Shifting to “neutral” on U.S. equities
Our models have caused us to shift our position on U.S. equities to “neutral,” after having been moderately positive on them to this point in 2015. We just don’t see an advantage to holding a larger equity position relative to fixed income for the rest of this year. Moreover, in recent weeks the momentum signals for both equities and fixed income have slowed, and the business cycle outlook has softened.
Looking at the numbers
Drilling down into the numbers, the U.S. equities market is the most expensive among major markets globally, with a price to book value of 2.9, compared with 2.7 a year ago.1 Moreover the Shiller price-to-earnings ratio is 26.7 as of June 2015—which keeps it higher year-to-date in 2015 than at any point since 2007.2 Japanese and European equities are also moderately expensive at this time. But there’s still upside—particularly in Europe, assuming the continent gets past its Greek problems and the European Central Bank’s continued quantitative easing takes hold. This contrasts with emerging markets, where the strong dollar, falling commodities prices and China’s slowing growth are all creating headwinds.
Moving with momentum
With all of that, we’re still seeing momentum playing a role in our 2015 outlook for the third quarter. Plus, the stability we’re seeing in most markets means that our overbought contrarian signals3 now are more neutral. In Japan, however, a strong run has recently moved that market into overbought territory.
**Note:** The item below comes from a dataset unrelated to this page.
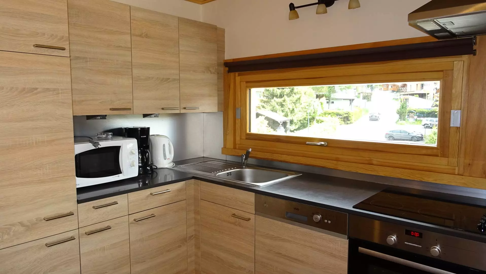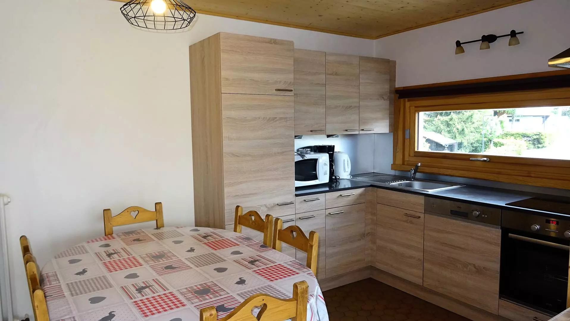 DESCRIPTIF : Entrée spacieuse avec placard - Une chambre équipée d' 1 lit 2 personnes (140) + placard - 1 chambre équipée de 3 lits simples (90) + rangement - Séjour salle à manger équipé d' 1 banquette 1 personne (90), baies vitrée donnant sur un balcon avec mobilier de jardin, Vue centre village - Coin cuisine ouvert sur salle à manger entièrement équipée (lave-vaisselle, 4 plaques vitrocéramiques, grand frigidaire, hotte aspirante, grille-pain, bouilloire, cafetière électrique, four, micro-ondes avec batterie de cuisine ) - 1 WC indépendant - 1 salle d'eau (douche, lavabo) - 1 terrasse + balcon.
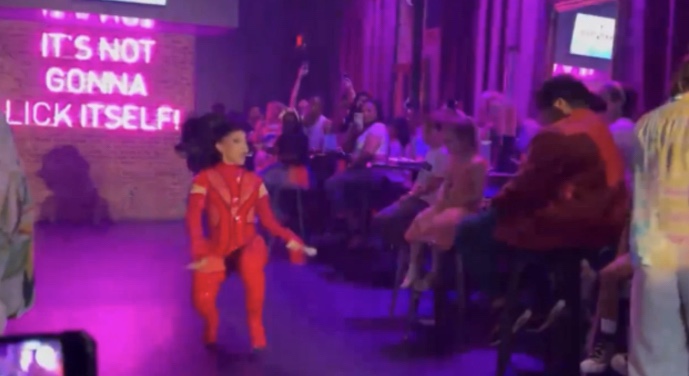 El vídeo muestra a drag queens bailando con niños pequeños y enseñándoles a caminar por la pasarela en el bar gay.

In our view, with that global mix of high prices, neutral-to-slightly positive sentiment, and a generally positive business cycle, it isn’t difficult to land where we have: Largely neutral across the board, with no single market showing either great risk or great upside. European equities are probably our favorite play. Everywhere else, no favorites.
For more detail, be sure to read our 2015 Global Market Outlook- 3Q update. It’s a snapshot of what we think investors and fund managers need to be thinking about before they head to the beach this summer. You can also see a highlight of the forecast at our 2015 Global Market Outlook – Infographic.
1 Russell 1000® Index as of May 2014 and May 2015.
2 Definition: The cyclically adjusted price-to-earnings ratio, commonly known as CAPE, Shiller P/E, or P/E 10 ratio is a valuation measure usually applied to the US S&P 500 equity market. It is defined as price divided by the average of 10 years of earnings (moving average), adjusted for inflation.
3 Definition: In assessing the attractiveness of asset classes relative to one another, Russell’s modeling capability uses a pair-wise construct with asset classes shared across multiple pairs, each with independent valuations. At present, the capability includes over 120 pairs leveraging signals from greater than 400 models. The signals used are based on proprietary models developed by Russell.